Дни текли за днями, и было их течение легким и грациозным, а когда минул тридцать второй и над тихо колышущимся утренним морем возникли берега Содома, то всем показалось, будто корабль несет нас к райскому острову. Чудный, нежнейший ветерок повеял к нам от земли; под платьем мы чувствовали наготу и дыхание своего тела, которому было легко и свободно в одежде. Прекрасная бухта приняла нас в свой просторный круг; в лучах утреннего солнца блистали белизною прибрежные утесы и камни, и море было так спокойно, что его влажная и темная кайма едва заметно то расширялась, то сужалась на прибрежных скалах. Куда ни глянь — всюду пальмовый лес, недвижимый под дуновением ласкового бриза, тянулся, подымаясь на холмы. Прислоненный к их подножию город желтел своими домами с плоскими крышами, перед ним лежали причалы маленькой гавани, над которыми возвышались паруса рыбачьих баркасов.

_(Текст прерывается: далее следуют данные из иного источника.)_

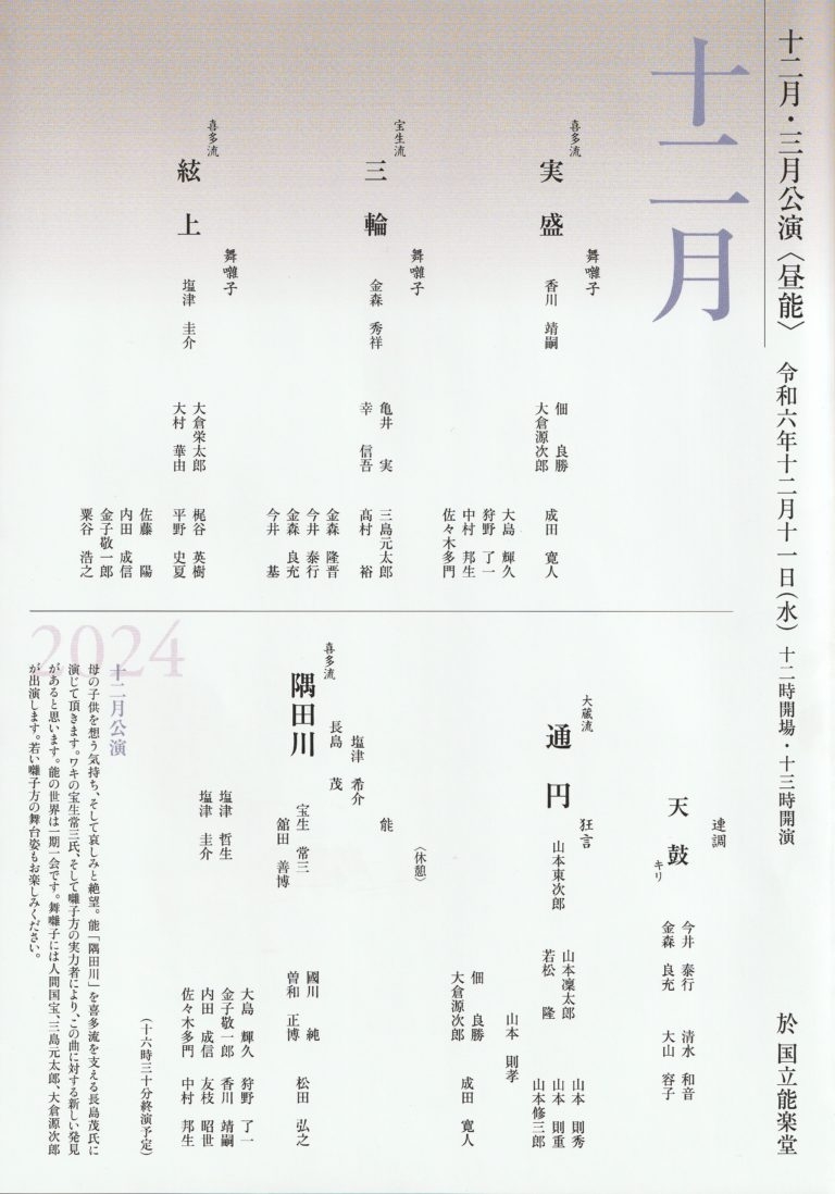 東京能楽囃子科協議会主催、『東京能楽囃子科協議会12月定式能』が2024年12月11日 (水)に国立能楽堂(東京都 渋谷区 千駄ヶ谷 4-18-1)にて上演されます。

В то же утро к нам на корабль пожаловало несколько метисов в роскошных мундирах, для того чтобы выполнить формальности, связанные с нашим прибытием; среди них был и какой-то, весь раззолоченный, министр или, может быть, мэр города, который от имени своего правительства приветствовал нашего командира. Ходили слухи, будто бы он обратился также с просьбой об оказании помощи в войне против каких-то мятежников или обезьяньих племен, обитавших в лесу; однако наш старик, как и следовало ожидать, по-видимому, наотрез отказался вмешиваться во внутренние дела дружественного государства, покуда мы не находимся в состоянии войны.

Но ввиду неопределенной обстановки нельзя было дать увольнительную матросам, и только нас, офицеров, отпустили в тот день на берег. Мы сели в большой вельбот и поплыли к городу; и чем ближе к берегу, тем ощутимее становились усилия, которые требовались от гребцов. Вода была точно гнилая, как будто она сплошь заросла тиной, хотя никакой тины мы не могли в ней разглядеть, а видели только угрей самой разной величины, начиная с мелкоты, не больше человеческого пальца, кончая огромными, в несколько метров длиной; среди них плавали скаты, у которых голова растет на хвосте; иногда попадалась диковинная рыба-пила. Один из матросов неосторожно окунул руку в эту необыкновенную воду, и тут же из ее кишевшей живностью глубины выскочил маленький угорь и, как пиявка, вцепился ему в палец; ранка не переставала потом гноиться несколько недель.

Порт выглядел по-воскресному. Вернее, если мне не изменяет память, в нем было что-то от паноптикума. Мы медленно подплывали к набережной; за кормой беззвучно смыкалась вода, ибо в этом месиве из дынных корок, скорлупы кокосовых орехов, лимонов и падали шлюпка не оставляла за собой борозды. Неподвижно стояли ряды рыбачьих лодок, кое-где виднелся старый обшарпанный пароходишко, и ни одного европейского судна. Паруса и вымпелы облепили реи, точно приклеенные; и хотя из баров, расположенных рядом с причалами, разносилась механическая музыка, хотя слышался скрежет и яростный трезвон трамваев, а из улиц, ведущих к порту, долетали возгласы и гомон по-южному возбужденного народа, по все эти звуки как бы не сливались с атмосферой оцепенелости, которой могло соответствовать только безмолвие; и клочья шума, не растворяясь, плавали в этом безмолвии.